How to cite this article:
Arakkal G, Kasetty HK, Damarla S, Chintagunta S. Mucormycosis: A rare case report.Int J Oral Health Sci 2014;4:46-48


How to cite this URL:
Arakkal G, Kasetty HK, Damarla S, Chintagunta S. Mucormycosis: A rare case report. Int J Oral Health Sci [serial online] 2014 [cited 2021 Jan 20 ];4:46-48
Available from: https://www.ijohsjournal.org/text.asp?2014/4/1/46/151627


Full Text

 INTRODUCTION



Mucormycosis is a highly angioinvasive and a relentlessly progressive condition resulting in high morbidity and mortality. Mucormycosis represents an acute life-threatening opportunistic fungal infection with a high mortality rate caused by a group of distinctive mycoses that are ubiquitous, saprophytic fungi belonging to the class zygomycetes, order mucorales, family Mucoraceae, predominantly occurring in diabetics. [1]

Although the term phycomycosis and zygomycosis are occasionally used, mucormycosis is the most frequently used term, and it was first described by Paultauf in 1885. [2] It is the third common fungal infection after candidiasis and aspergillosis in diabetics and post-allogenic stem cell transplant patients. Up to 50% of patients presenting with mucormycosis are diabetics. [3]

Common predisposing factors include diabetes mellitus, neutropenia, desferoxamine use associated with dialysis, malnutrition, malignancy, renal failure and immunosuppressive therapy. [4]

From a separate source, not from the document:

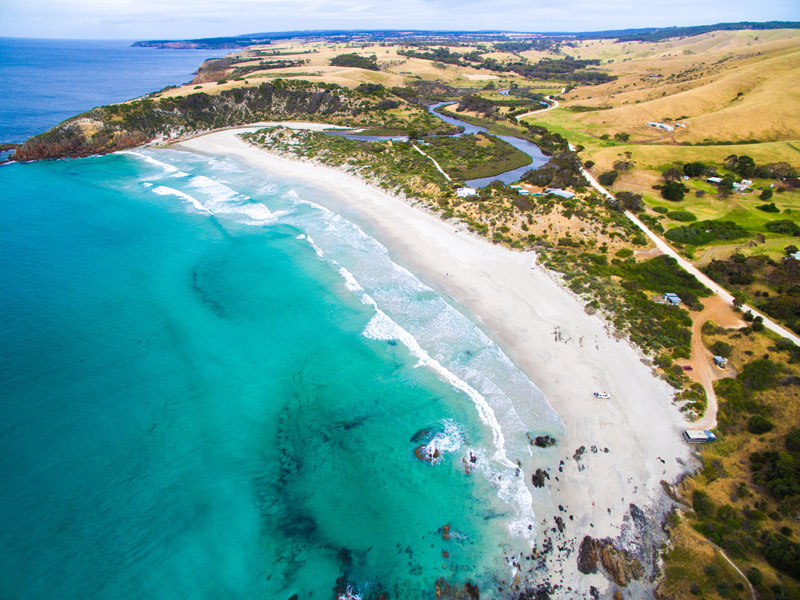 Snelling Beach: Der Strand ist perfekt zum Angeln. Es soll auch die Heimat einer freundlichen Delfine-Familie sein (Foto unten rechts).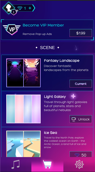 同时游戏中还为玩家内置了大量的音乐歌曲供玩家选择,不同的歌曲可是拥有不一样的音乐节奏哦,让你体验前所未有的游戏乐趣,并且还有着部分付费歌曲,这里的付费指的是钻石付费,玩家可以通过多种渠道获得钻石,如完成关卡、游戏中获取等方法,并解锁你所需要挑战的歌曲,在你挑战的过程中游戏背景不仅还会随着不同颜色的长方块进行改变,每切换一次背景都是可以让你觉得眼前一亮,让人看上去非常的舒适,游戏难度也会随之增加。

Based on their anatomical location, six different clinical forms: Rhinocerebral, pulmonary, cutaneous, gastrointestinal, disseminated and miscellaneous, Involvement of bone or kidney, have been described. [4]

It is usually found in the soil, and can also be cultured from the nasal mucosa of healthy individuals in whom no signs of infection are seen. [5] The infection is acquired by the inhalation of spores or by direct inoculation of the fungus into the damaged skin or mucosa. [6] Even though the organisms are aerobic, they can survive up to 5 days in vitro. [4]

The most commonly isolated genera are Rhizopus, Rhizomucor and Absidia. [3],[7],[8] Mucormycosis involving the facial, palatal, orbital, paranasal sinus or cerebral regions is termed as rhinocerebral mucormycosis. [9]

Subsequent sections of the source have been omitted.